◆ Exercise directions: Among the lines below, the one containing "John Richmond navy" opens the range and the one containing "Para cargar el" closes it. Print that range exactly, without the pictures.

◆ Records to process:

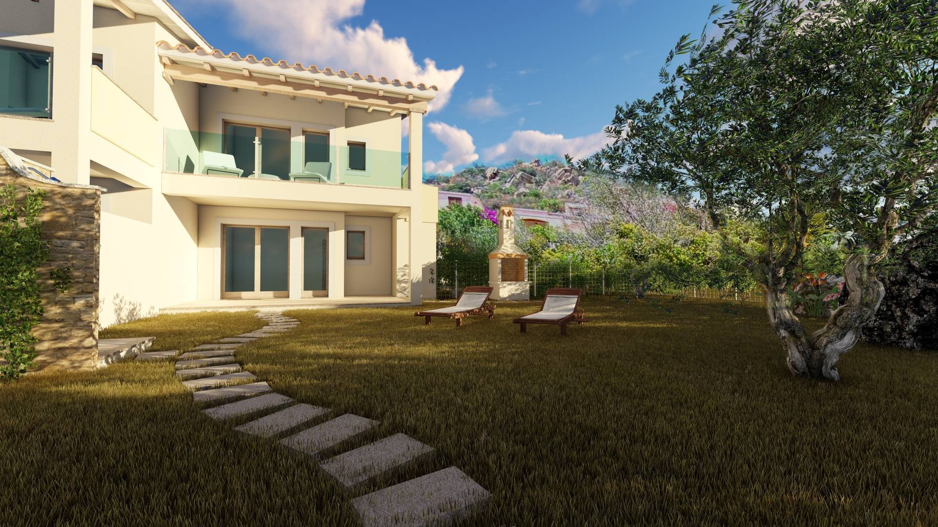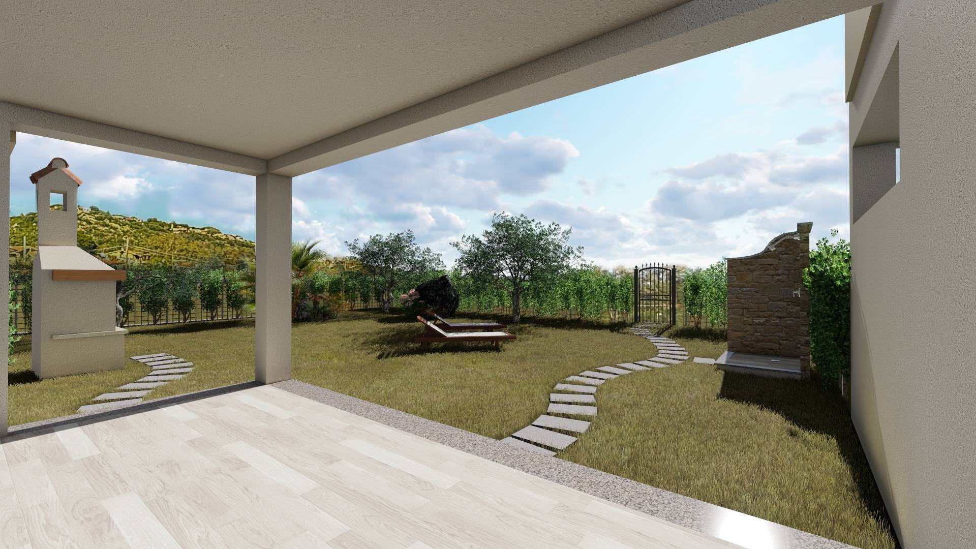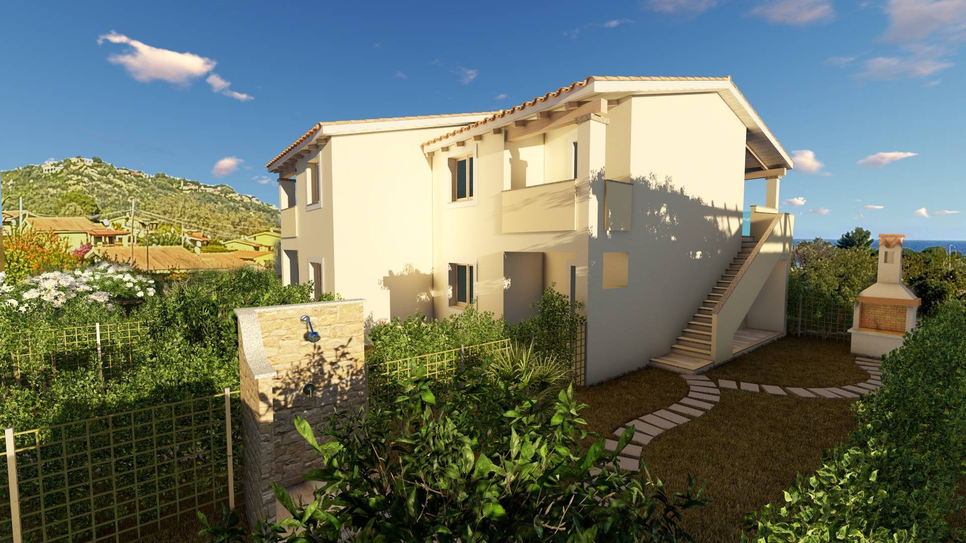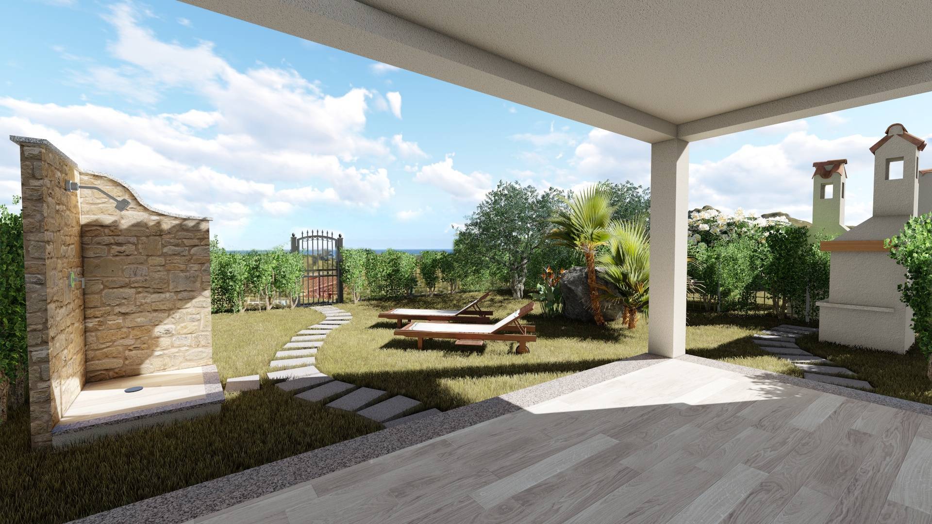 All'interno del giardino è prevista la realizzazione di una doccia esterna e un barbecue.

---

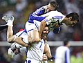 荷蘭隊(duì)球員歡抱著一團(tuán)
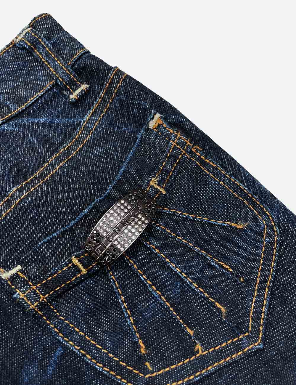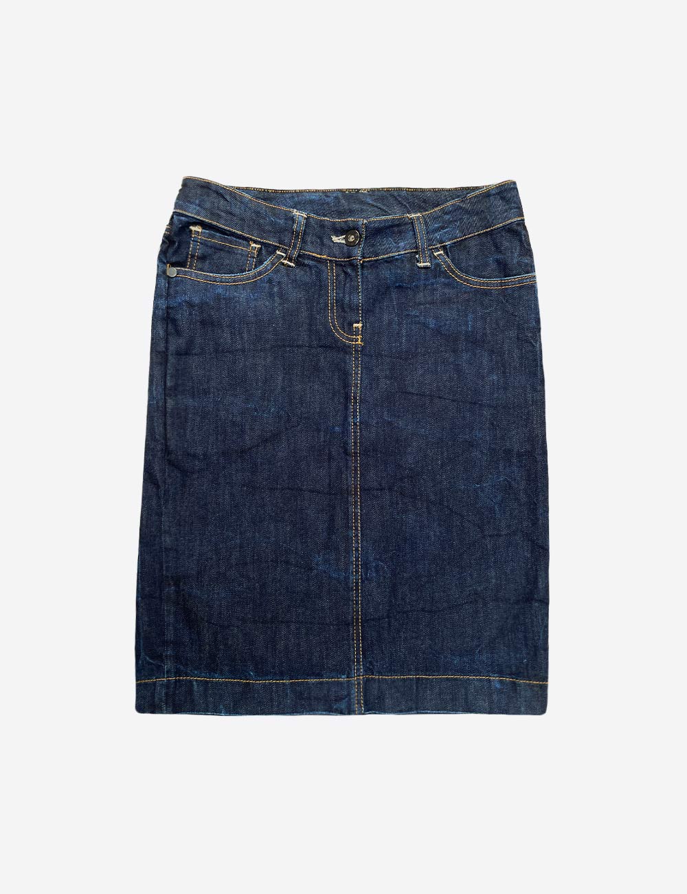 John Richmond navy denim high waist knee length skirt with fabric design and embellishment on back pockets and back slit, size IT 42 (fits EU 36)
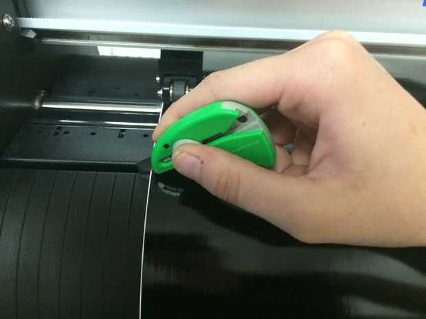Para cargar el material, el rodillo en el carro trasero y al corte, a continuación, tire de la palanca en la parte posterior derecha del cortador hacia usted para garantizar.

==

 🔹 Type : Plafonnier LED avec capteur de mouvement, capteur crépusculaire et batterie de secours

◆ Written response:
 John Richmond navy denim high waist knee length skirt with fabric design and embellishment on back pockets and back slit, size IT 42 (fits EU 36)
Para cargar el material, el rodillo en el carro trasero y al corte, a continuación, tire de la palanca en la parte posterior derecha del cortador hacia usted para garantizar.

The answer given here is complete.